И тут моя мама заплакала. Беззвучно, горестно. Первый раз в жизни. Я не видел ее плачущей даже тогда, когда умер отец. Тогда она держалась, чтобы не показать нам своего горя. Сейчас она сидела передо мной и молча плакала. Будь проклята моя жизнь! Что я мог ей сказать? И что я мог сделать? Победить свою проклятую болезнь? Вернуть деньги и остаться умирать с голоду вместе с матерью и дочерью? Что я должен был делать?
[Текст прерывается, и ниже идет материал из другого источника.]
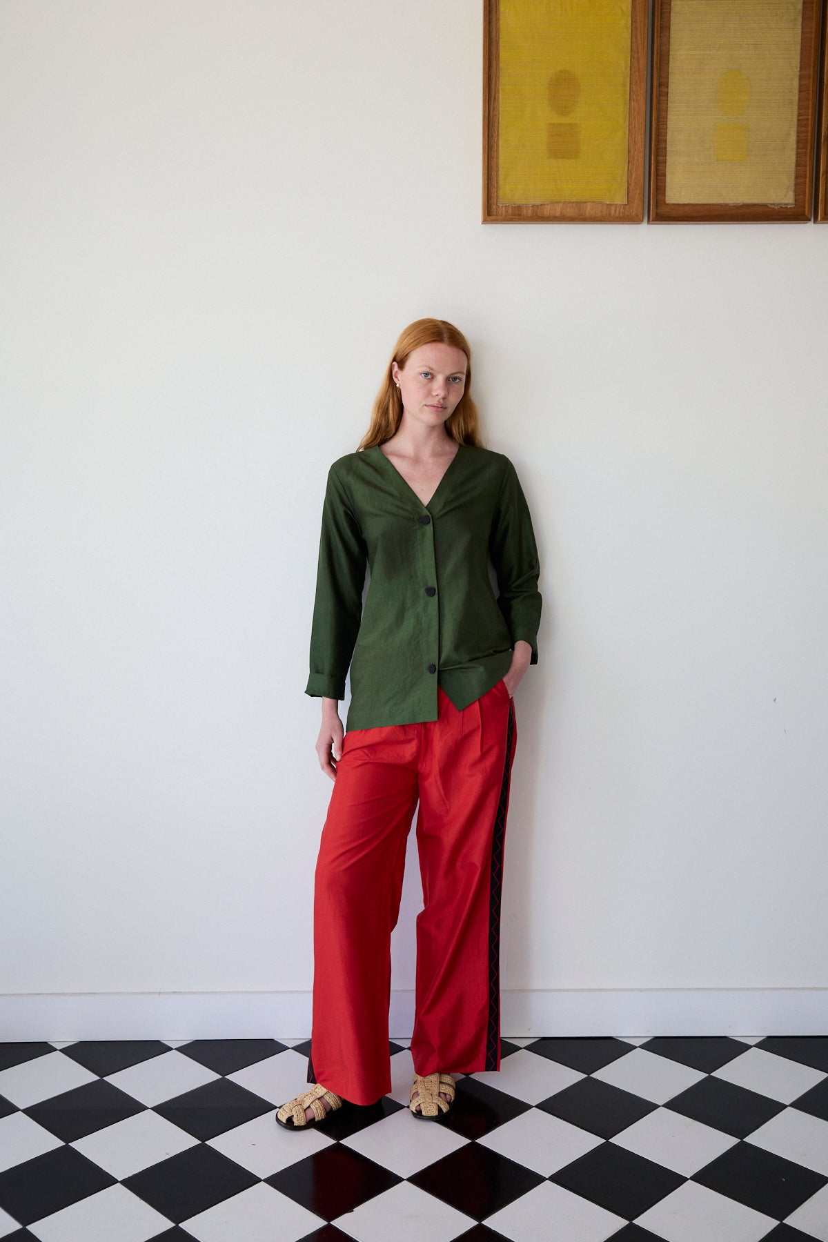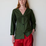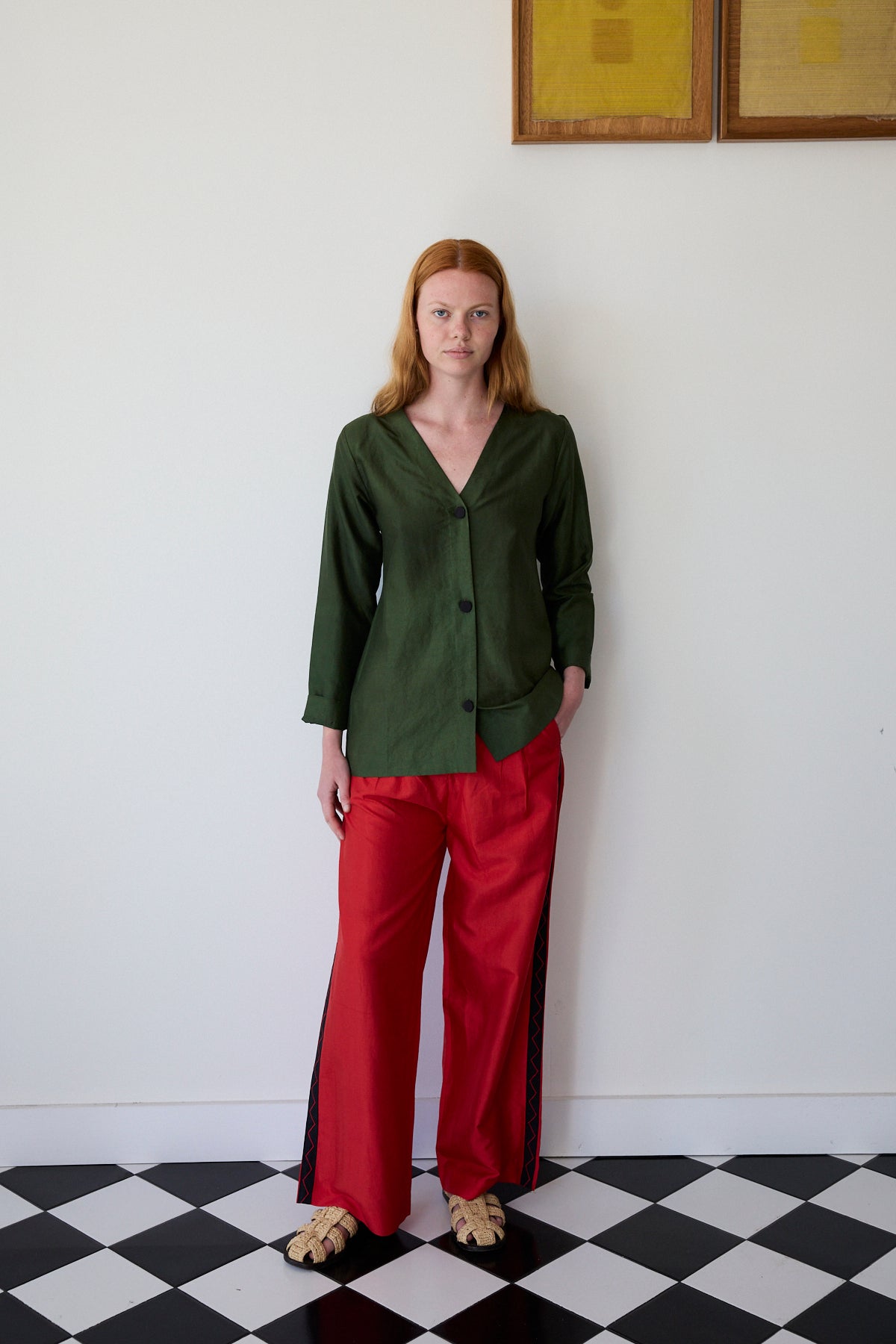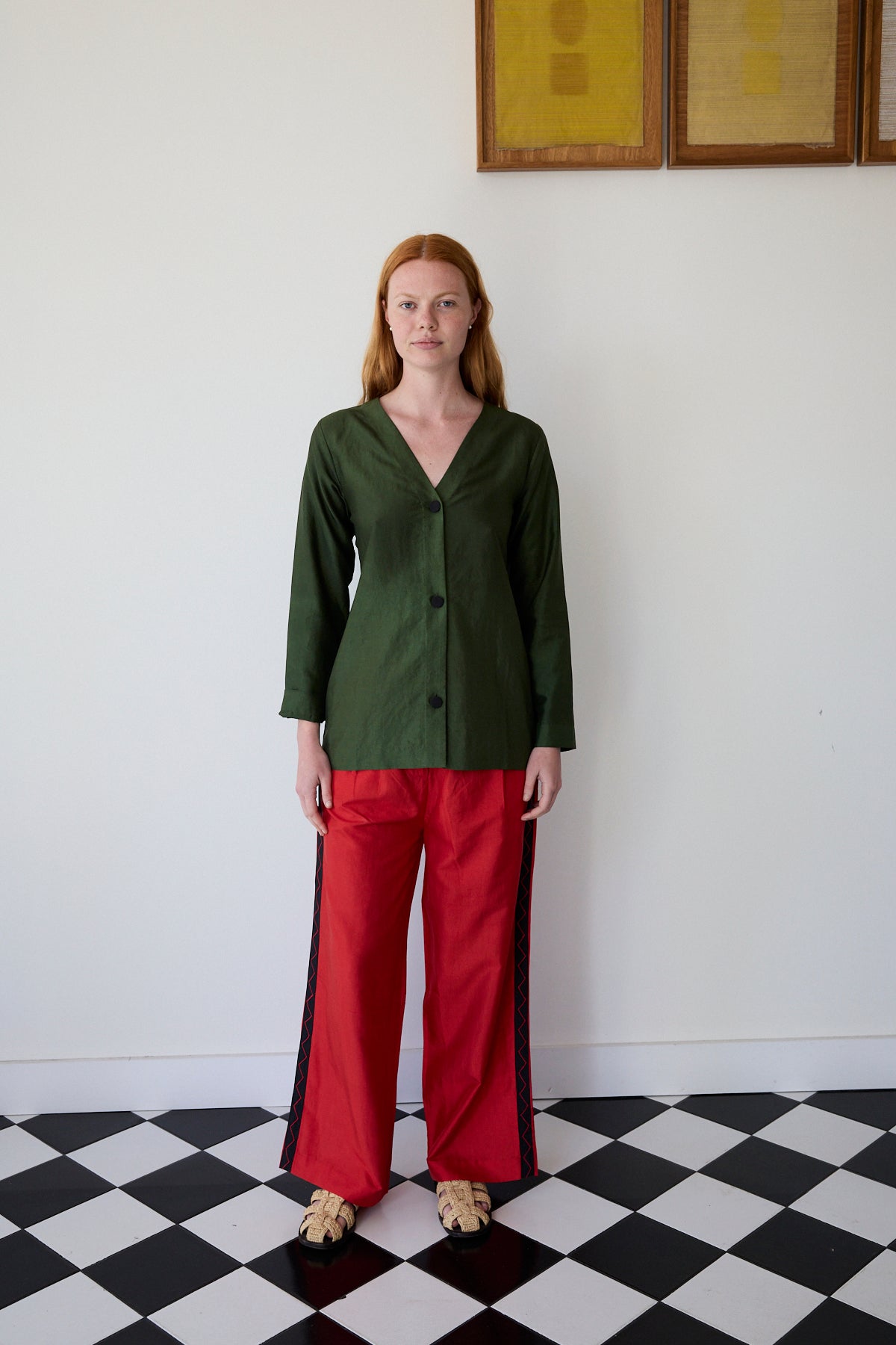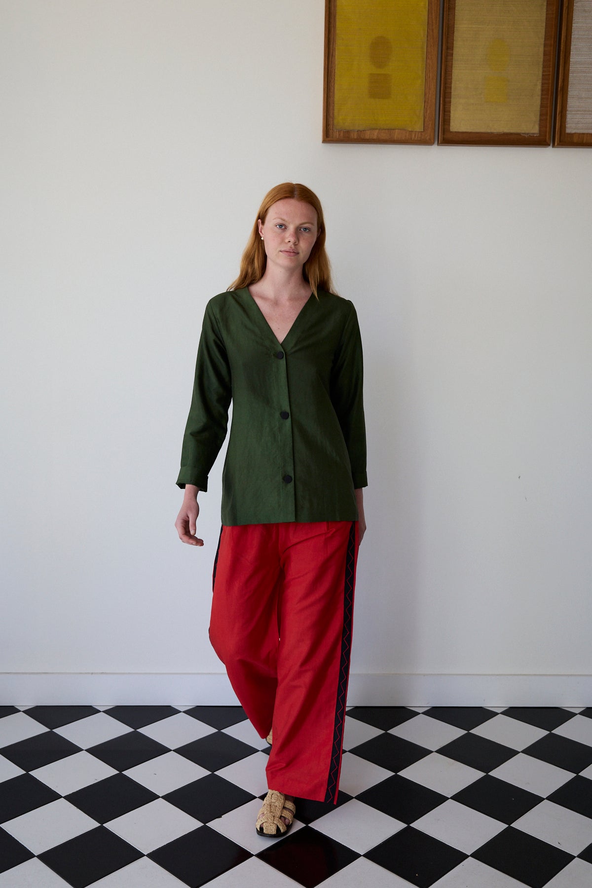 A long sleeved jacket. Features a button up front V neck with contrast fabric black button closure. Slightly A line.

Нас все время учили, что социализм лучше капитализма. Но это были одни слова. Дешевая пропаганда. И как мы смеялись над собственными идеологическими лозунгами. Как мы над ними издевались. Мы выезжали на Запад и видели, что там люди живут гораздо лучше. Там было изобилие в магазинах, там ходили счастливые, улыбающиеся люди, там было все, а у нас — масло и водка по талонам и в парткомах — кретины и карьеристы.
Нам тогда казалось, что стоит убрать эту дурацкую систему, унижающую человека, и мы заживем прекрасно. Откуда нам было знать, что власть грязных денег ничуть не лучше власти любого государства.